The Paymaster General spoke about that more graduated approach, and I agree with that, but I also agree with Lord Evans that it must go hand in hand with recommendation 8, which states:
“ The Independent Adviser should be able to initiate investigations into breaches of the Ministerial Code”
—the Government propose not to heed that—and with recommendation 9, which states:
“The Independent Adviser should have the authority to determine breaches of the Ministerial Code.”
That seems to be the point: that the independent adviser determines whether the code has been breached, and it is for the Prime Minister then to decide what sanctions should be applied. What we have now, however, as we heard from the Paymaster General, is an approach whereby if the Prime Minister believes that he still has confidence in people—and I suspect that he will have confidence in the Culture Secretary almost regardless of what she says, because of her slavish support—that is good enough, and no standards are relevant.
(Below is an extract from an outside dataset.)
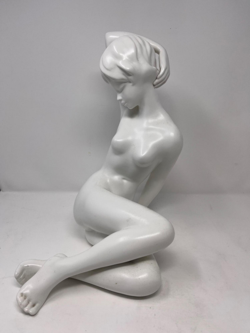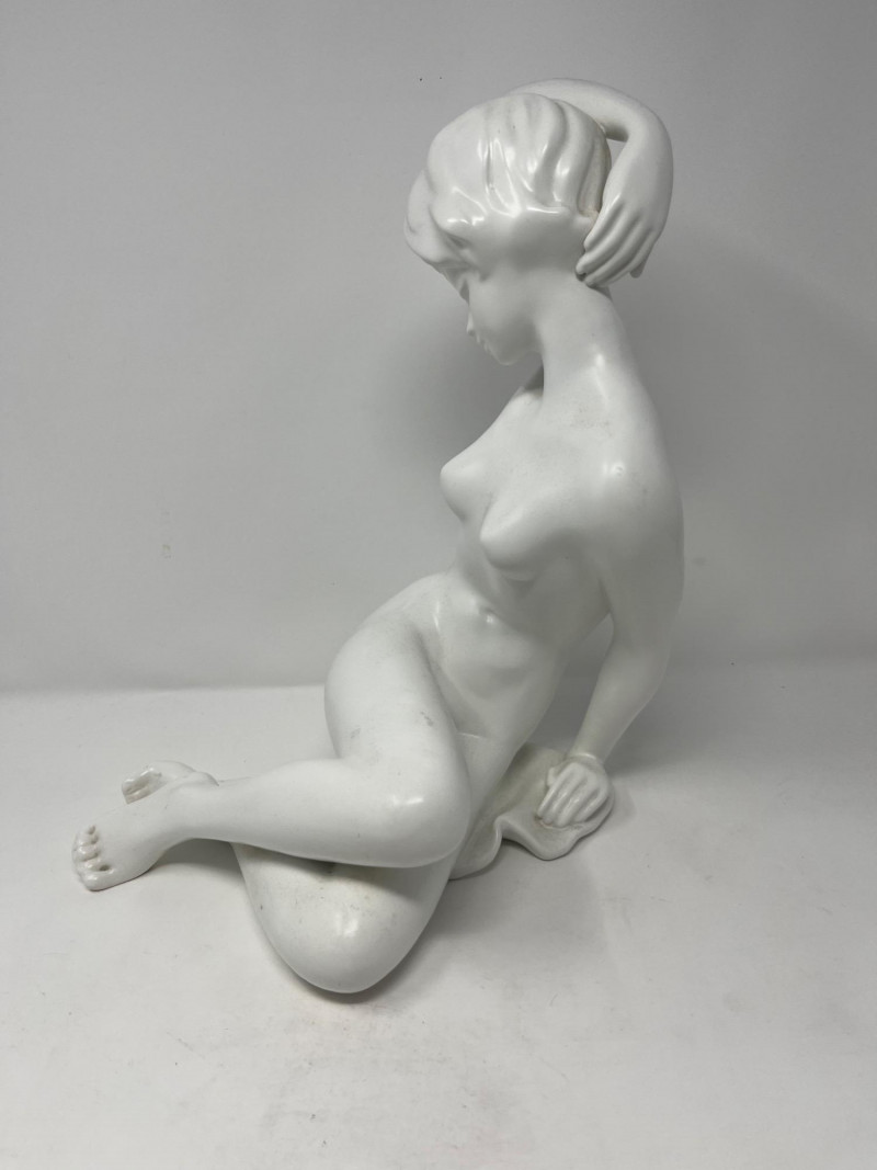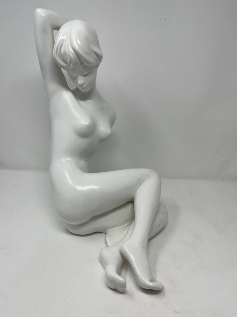 Vintage Goebel Nude Porcelain Statues- lot of 4 total. All have Goebel stamp and individual serial numbers. Large lounging woman w/bob cut- 11”x14” Medium woman with ceramic- 7”x12” Small woman w/ ponytail- 7”x9” Small woman w/ braid- 7”x9.5”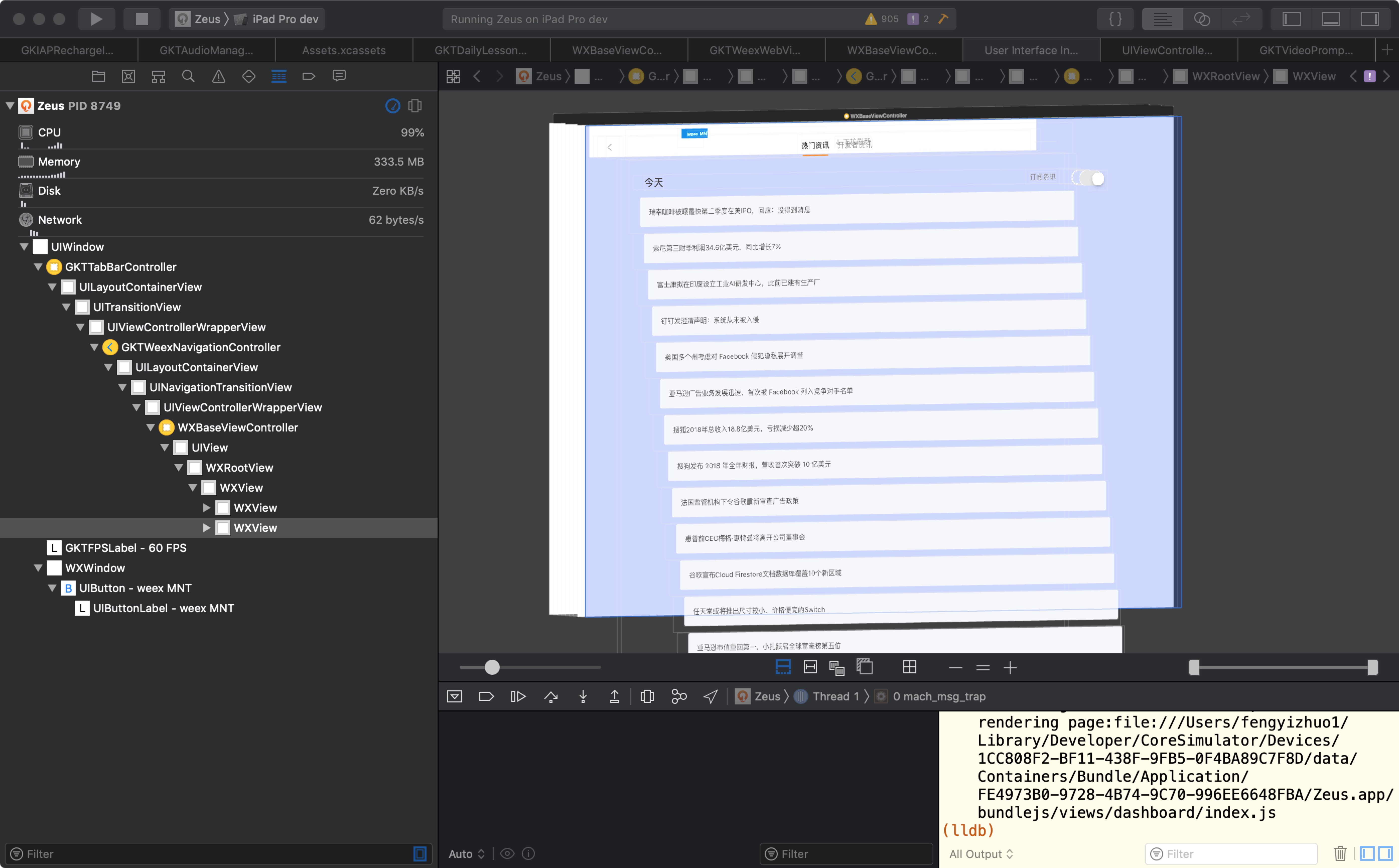 MappleHero commented on issue #2103: Screen orientation problem with iPad version of our app URL: https://github.com/apache/incubator-weex/issues/2103#issuecomment-459940605 The way we try to solve this problem is very complicated. In two steps In the first step, the Native side hooks the viewDidLoad method of the WXBaseViewController of the Weex page, adding a monitor for screen rotation. ``` [[NSNotificationCenter defaultCenter] addObserver:self selector:@selector(onDeviceOrientationChange) name:UIDeviceOrientationDidChangeNotification object:nil]; ``` ``` - (void)onDeviceOrientationChange { if (UIDeviceOrientationIsLandscape([UIDevice currentDevice].orientation)) { // 不起作用 // [self.view setNeedsLayout]; // [self.view layoutIfNeeded]; // [self.view.subviews[0] layoutIfNeeded]; // [self.view.subviews[0] setNeedsLayout]; self.view.subviews[0].frame = CGRectMake(self.view.subviews[0].frame.origin.x, self.view.subviews[0].frame.origin.y, GKT_SCREEN_WIDTH, GKT_SCREEN_HEIGHT); self.view.subviews[0].subviews[0].frame = CGRectMake(self.view.subviews[0].subviews[0].frame.origin.x, self.view.subviews[0].subviews[0].frame.origin.y, GKT_SCREEN_WIDTH, GKT_SCREEN_HEIGHT); } else { self.view.subviews[0].frame = CGRectMake(self.view.subviews[0].frame.origin.x, self.view.subviews[0].frame.origin.y, GKT_SCREEN_WIDTH, GKT_SCREEN_HEIGHT); self.view.subviews[0].subviews[0].frame = CGRectMake(self.view.subviews[0].subviews[0].frame.origin.x, self.view.subviews[0].subviews[0].frame.origin.y, GKT_SCREEN_WIDTH, GKT_SCREEN_HEIGHT); } } ```  Because Weex can't dynamically update the page frame,native side manual update the WXRootView and WXView frame. The second step is to listen to the notification on the Weex side and modify the page frame. But this method is not elegant, I hope there is a better way.

As we heard from my hon. Friend the Member for Ellesmere Port and Neston (Justin Madders), all of us in this place suffer from the allegation that “they are all the same.” Despair is the most corrosive emotion possible when it comes to politics, because it leads people to disengage and to decide that there is no point in engaging in politics in any way. The right hon. Member for Orkney
and Shetland (Mr Carmichael) spoke of a cross-party consensus, but how is that possible if the Prime Minister is willing, for political reasons, to overlook breaches of any kind if he thinks that it is in his political interests to do so?
A politically motivated standards regime that allows rules to be rewritten if they become inconvenient, and places the future of Ministers in the hands of the Prime Minister to vanquish or rescue as he sees fit, is not itself fit for the 21st century in a supposedly developed democracy. How can it be that the ministerial code, detailing the way in which those at the very top of the political tree operate, actually lags behind that which applies to MPs, peers and civil servants?
I also support the committee’s recommendation for reform of the powers of the commissioner for public appointments to provide a better guarantee of the independence of assessment panels.
Our politics is suffering from a crisis of public confidence, which is particularly dangerous at a time of national economic difficulty such as the one that we are currently experiencing. Only by increasing the independence and clarity of the rules and the rule arbiters can we have a hope of restoring public confidence in our politics, and it is for that reason that I support the motion.